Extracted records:
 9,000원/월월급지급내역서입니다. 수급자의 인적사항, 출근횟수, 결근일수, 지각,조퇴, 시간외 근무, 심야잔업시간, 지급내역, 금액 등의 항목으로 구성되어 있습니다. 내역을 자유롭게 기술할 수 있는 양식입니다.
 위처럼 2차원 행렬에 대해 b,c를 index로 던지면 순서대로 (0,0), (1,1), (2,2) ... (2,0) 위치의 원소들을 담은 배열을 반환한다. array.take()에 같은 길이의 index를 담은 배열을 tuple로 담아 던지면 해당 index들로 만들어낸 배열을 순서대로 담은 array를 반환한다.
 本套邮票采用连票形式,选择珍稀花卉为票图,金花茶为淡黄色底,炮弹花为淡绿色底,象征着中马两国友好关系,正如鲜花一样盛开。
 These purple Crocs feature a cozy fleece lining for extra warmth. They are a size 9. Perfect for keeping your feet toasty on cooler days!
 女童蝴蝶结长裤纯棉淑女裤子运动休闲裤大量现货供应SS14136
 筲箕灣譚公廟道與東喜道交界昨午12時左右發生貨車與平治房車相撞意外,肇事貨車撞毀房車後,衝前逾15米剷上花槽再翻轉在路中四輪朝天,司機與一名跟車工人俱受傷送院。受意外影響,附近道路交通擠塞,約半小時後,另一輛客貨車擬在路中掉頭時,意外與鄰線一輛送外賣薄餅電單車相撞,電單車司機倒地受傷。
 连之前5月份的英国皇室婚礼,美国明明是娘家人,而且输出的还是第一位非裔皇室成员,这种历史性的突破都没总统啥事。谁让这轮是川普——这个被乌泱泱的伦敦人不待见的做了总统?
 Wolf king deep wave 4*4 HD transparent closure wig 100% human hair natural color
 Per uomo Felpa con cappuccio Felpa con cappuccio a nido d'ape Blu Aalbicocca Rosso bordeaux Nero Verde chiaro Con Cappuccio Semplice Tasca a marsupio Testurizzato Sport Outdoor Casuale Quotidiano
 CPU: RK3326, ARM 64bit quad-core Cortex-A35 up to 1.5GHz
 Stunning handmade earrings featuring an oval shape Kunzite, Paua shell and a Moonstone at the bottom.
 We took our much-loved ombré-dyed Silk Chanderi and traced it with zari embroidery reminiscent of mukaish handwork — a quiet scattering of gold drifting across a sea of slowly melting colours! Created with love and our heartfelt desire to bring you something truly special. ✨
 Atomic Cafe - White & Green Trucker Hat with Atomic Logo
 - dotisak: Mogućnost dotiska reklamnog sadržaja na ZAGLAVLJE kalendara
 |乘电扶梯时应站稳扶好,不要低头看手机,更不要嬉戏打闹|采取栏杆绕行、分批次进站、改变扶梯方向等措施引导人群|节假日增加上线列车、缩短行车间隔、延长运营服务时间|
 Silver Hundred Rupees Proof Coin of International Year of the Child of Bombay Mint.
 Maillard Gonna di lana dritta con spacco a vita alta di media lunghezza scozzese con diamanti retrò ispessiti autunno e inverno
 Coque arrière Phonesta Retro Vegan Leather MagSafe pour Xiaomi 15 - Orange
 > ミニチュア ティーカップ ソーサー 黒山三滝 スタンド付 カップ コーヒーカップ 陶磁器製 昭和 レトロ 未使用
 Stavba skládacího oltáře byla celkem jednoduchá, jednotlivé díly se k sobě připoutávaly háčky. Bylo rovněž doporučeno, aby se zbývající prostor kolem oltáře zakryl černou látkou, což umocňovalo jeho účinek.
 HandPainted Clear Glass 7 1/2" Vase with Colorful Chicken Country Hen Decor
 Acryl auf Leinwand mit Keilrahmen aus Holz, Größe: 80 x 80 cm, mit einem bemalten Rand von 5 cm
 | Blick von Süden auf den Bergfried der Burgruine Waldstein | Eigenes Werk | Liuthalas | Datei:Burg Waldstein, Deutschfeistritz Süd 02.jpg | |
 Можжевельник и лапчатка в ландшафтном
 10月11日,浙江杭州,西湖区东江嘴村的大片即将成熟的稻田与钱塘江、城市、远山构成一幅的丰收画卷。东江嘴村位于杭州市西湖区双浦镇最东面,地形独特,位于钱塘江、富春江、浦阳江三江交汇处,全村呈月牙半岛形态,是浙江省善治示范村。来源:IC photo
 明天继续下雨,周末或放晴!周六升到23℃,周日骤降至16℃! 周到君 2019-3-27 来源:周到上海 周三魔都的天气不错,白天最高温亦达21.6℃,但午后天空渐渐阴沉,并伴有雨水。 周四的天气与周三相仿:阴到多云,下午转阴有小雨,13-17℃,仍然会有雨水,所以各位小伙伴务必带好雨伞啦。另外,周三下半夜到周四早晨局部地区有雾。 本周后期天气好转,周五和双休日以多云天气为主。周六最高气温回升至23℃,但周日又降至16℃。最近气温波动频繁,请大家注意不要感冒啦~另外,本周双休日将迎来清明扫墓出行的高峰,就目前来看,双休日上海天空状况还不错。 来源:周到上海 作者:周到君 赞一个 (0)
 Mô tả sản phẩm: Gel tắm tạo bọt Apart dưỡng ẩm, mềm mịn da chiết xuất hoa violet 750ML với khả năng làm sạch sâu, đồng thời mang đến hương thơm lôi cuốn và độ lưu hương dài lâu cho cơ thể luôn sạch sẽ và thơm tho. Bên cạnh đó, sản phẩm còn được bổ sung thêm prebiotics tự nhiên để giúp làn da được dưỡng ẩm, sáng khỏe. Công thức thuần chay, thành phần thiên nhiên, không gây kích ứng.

Required action:
Copy every line of the records above, starting with the first, up to and including the line containing "女童蝴蝶结长裤纯棉淑女裤子运动休闲裤大量现货供应SS14136".

Finished task:
 9,000원/월월급지급내역서입니다. 수급자의 인적사항, 출근횟수, 결근일수, 지각,조퇴, 시간외 근무, 심야잔업시간, 지급내역, 금액 등의 항목으로 구성되어 있습니다. 내역을 자유롭게 기술할 수 있는 양식입니다.
 위처럼 2차원 행렬에 대해 b,c를 index로 던지면 순서대로 (0,0), (1,1), (2,2) ... (2,0) 위치의 원소들을 담은 배열을 반환한다. array.take()에 같은 길이의 index를 담은 배열을 tuple로 담아 던지면 해당 index들로 만들어낸 배열을 순서대로 담은 array를 반환한다.
 本套邮票采用连票形式,选择珍稀花卉为票图,金花茶为淡黄色底,炮弹花为淡绿色底,象征着中马两国友好关系,正如鲜花一样盛开。
 These purple Crocs feature a cozy fleece lining for extra warmth. They are a size 9. Perfect for keeping your feet toasty on cooler days!
 女童蝴蝶结长裤纯棉淑女裤子运动休闲裤大量现货供应SS14136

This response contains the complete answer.